On laboratory investigation, total protoporphyrin in whole blood was elevated at 1937 mg/dL (reference: <80 mg/dL). Fractionation showed that free protoporphyrin was markedly elevated at 1894 mg/dL (reference: <20 mg/dL). Urinary porphyrin levels, antinuclear antibodies (ANA) and complement levels were normal. Zinc protoporphyrin level was also elevated at 200 (normal range 20–60). A fluorescence scan was performed; there was prominent fluorescence of red blood cells, indicating elevated protoporphyrin in the erythrocytes (Figure 2). Our patient also had a microcytic iron deficiency anemia (iron total 9 μg/dL, total iron-binding capacity (TIBC) 73, Ferritin 6.4 ng/mL, Hgb 109 g/L, mean corpuscular volume (MCV) 62.7 fL), which is common in patients with EPP.

Figure 2.

Fluorescence scan at 634 nm, confirming abundant porphyrin.

Full sequencing of the FECH gene revealed a base change at 315-48T>C and deletions in exons 8 and 9. Segregation studies revealed that these occurred in trans, a more common genotype.[6] The patient’s family was also tested for FECH gene abnormalities and given genetic counseling.

Discussion

EPP is the most common cutaneous porphyria in children. The most common genetic variant associated with EPP has been determined to be co-inheritance of a severe FECH defect along with a common low-expression variant IVS3-48C allele.[6]

Treatment options remain limited. Prevention and reduction of sun exposure to the skin is the mainstay of treatment.[5,7,8] It has been suggested that opaque (zinc oxide or titanium dioxide) sunscreens offer some protection,[5] but despite the judicious use of sunscreen in our patient, they found no benefit. We were able to provide the parents of our patient a permit for tinted windows on their family vehicle, so that sun exposure while driving would be limited.
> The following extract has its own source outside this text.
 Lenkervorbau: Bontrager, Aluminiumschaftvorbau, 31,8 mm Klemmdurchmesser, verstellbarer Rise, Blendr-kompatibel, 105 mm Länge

Counseling for EPP includes reducing sun exposure. Population studies have found that patients with EPP often have vitamin D deficiency, and therefore, oral vitamin D supplementation should be given.[9-11] We recommended that our patient receive oral vitamin D supplementation.
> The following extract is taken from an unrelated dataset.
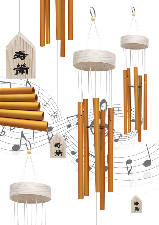 Feng Shui Metal Wind Chime Six 6 Rods Pipes Windchime for Home Office Positive Energy for Balcony Bedroom Excellent Sound [28.5inch / 73cm, Golden Colour]

Once sun exposure has occurred, cold compresses and antihistamines help to abate symptoms.[8] However, in our patient’s case, these attacks had been so severe as to required morphine for pain management. Despite the severity of these symptoms, permanent cutaneous changes were almost indiscernible, which, although unusual, has been described in cases previously.[12,13] It follows that since patients with EPP have a risk of liver failure, hepatotoxic medications should also be avoided. Systemic cimetidine has had promising results in a few cases.[14] We prescribe cimetidine 30 mg/kg/day in two doses for our patient with excellent therapeutic result. Our patient has had remarkable increased tolerance to sunlight since starting cimetidine in conjunction with other routine sun protective measures. Our patient and his family has had an improved quality of life that has been described by the mother as “truly life changing.”

Up to half of all patients with EPP have anemia.[15] Treatment with iron has been found to paradoxically improve patient symptoms but is an area for further study.[16]

We present a case of a boy with EPP that had delayed and severe photosensitivity. Although traditionally EPP presents with reactions while in the sun, some may have a delayed photosensitivity reaction. This case serves as a reminder that pediatric patients presenting with photosensitivity need to be evaluated carefully. Our patient unfortunately was not referred to dermatology for evaluation in a timely manner as the delayed photosensitivity clouded EPP as a diagnosis. This case also adds to the clinical evidence that cimetidine is an effective and well-tolerated treatment option for EPP.